I am using Hail 0.2 to run VEP, and have added
"--fork", "6", to my vep config .json. I have not done a lot of testing with VEP by itself but my understanding is that the fork option is generally recommended on modern processors. I could not even tell you if running VEP through Hail is actually faster with --fork - it seems like it is? It doesn’t crash too often, at least But I have not had a lot of time/resources for performance tuning.
I am wondering if anyone here has experience doing this. It does not seem to be used very widely in the Hail community (based on the other VEP configs I’ve seen) but I haven’t checked extensively. Unfortunately I am not being very careful about executor CPU count vs. VEP CPU count - is this something I should be more concerned about?
It is also a bit opaque to me how this affects memory considerations. I am using yarn, and have had to twiddle quite a few settings to get --fork 6 to reliably work on larger datasets (oddly --fork 6 works reliably out-of-the-box on a single-sample VCF with a small cluster).
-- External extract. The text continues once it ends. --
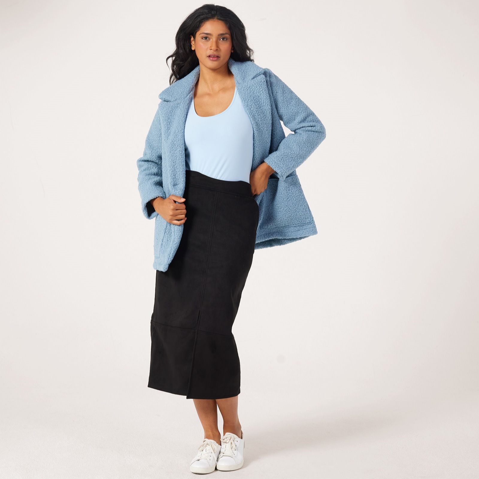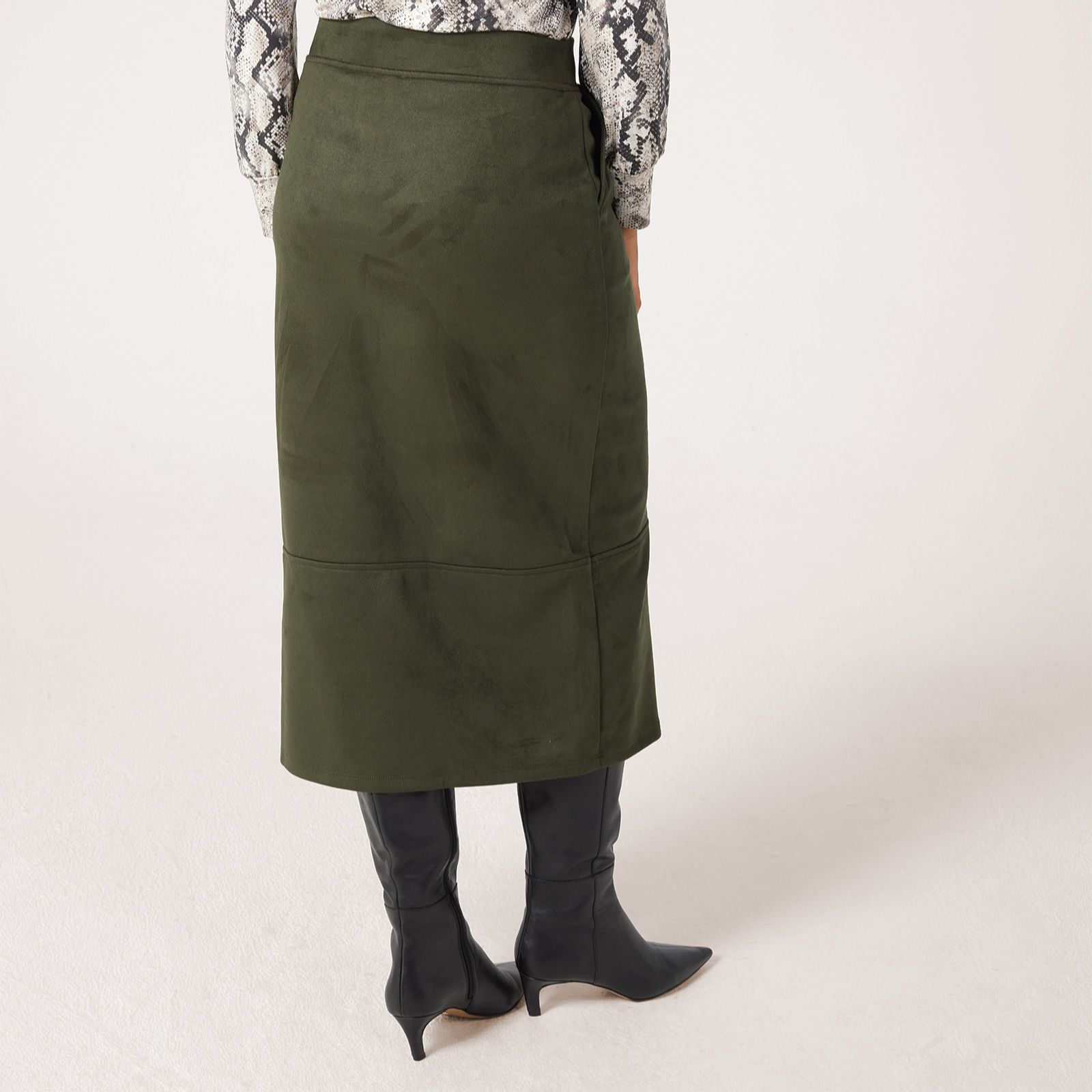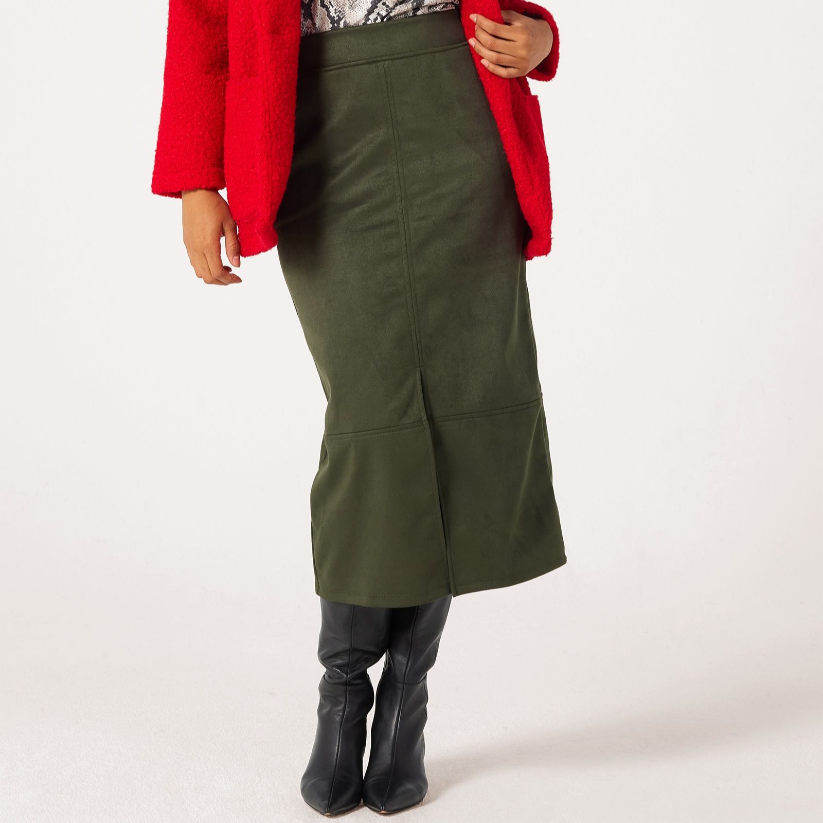 Perfect your wardrobe with the stretch faux-suede maxi skirt from Kim & Co, designed with a chic front slit, comfort waistband and handy slanted pockets for a modern twist on a classic silhouette. Effortlessly stylish, this skirt transitions seamlessly from office meetings to weekend get-togethers, making it an endlessly wearable staple. Pair it with a ruffle-sleeved blouse and suede ankle boots for a polished, on-trend look.
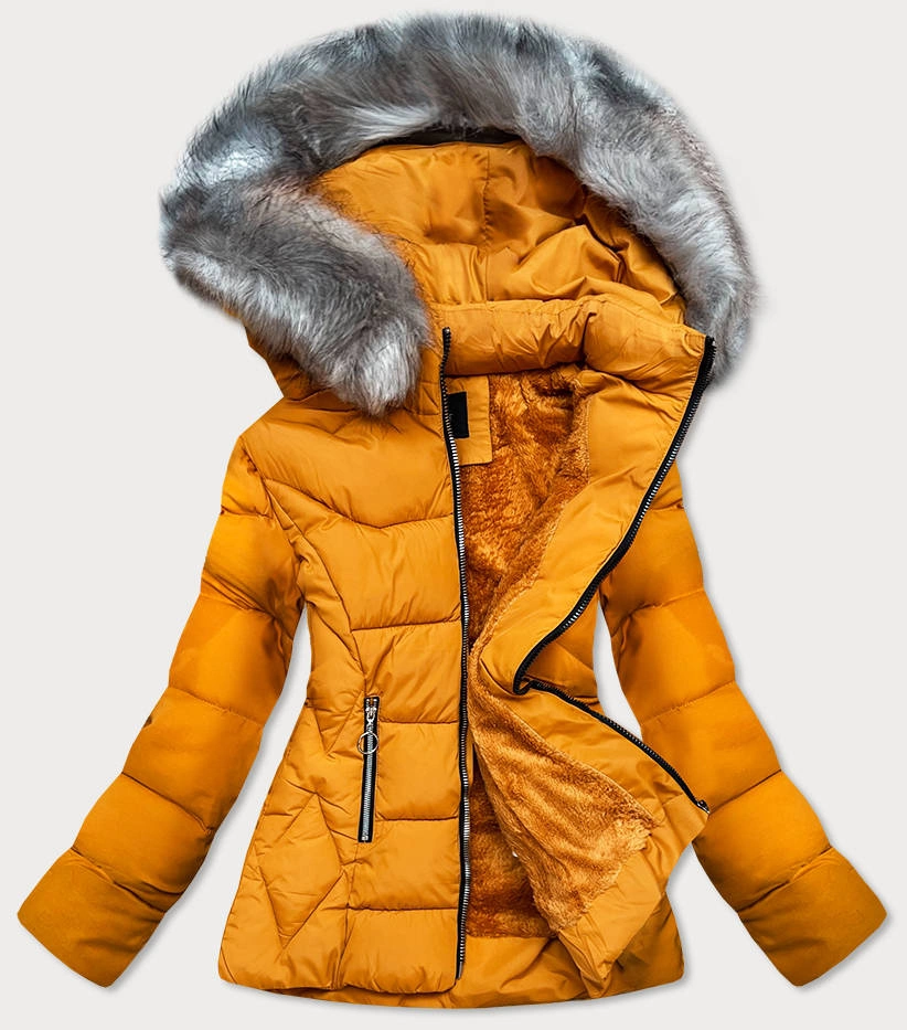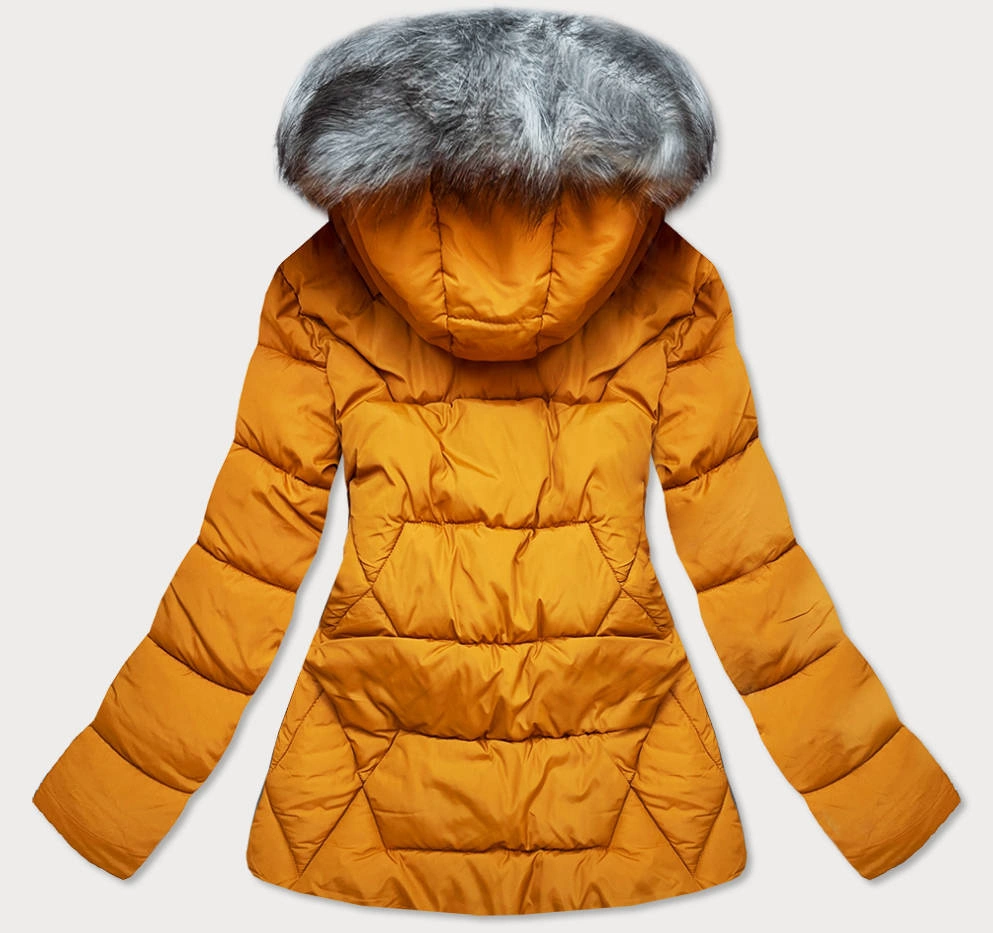 PIKOWANA KURTKA ZIMOWA Z KAPTUREM ŻÓŁTA (R-9903)

Specifically I had to manually override the
spark.executor.memoryOverhead default of 10% of executor memory so that yarn doesn’t shut down the container during VEP execution. I think VEP (considered by the JVM to be native) runs exclusively in that memoryOverhead, so if VEP is being multithreaded within a container then increasing the limit makes sense. 25% seems to work but maybe that’s too much.
Anyway, is there any general guidance about this?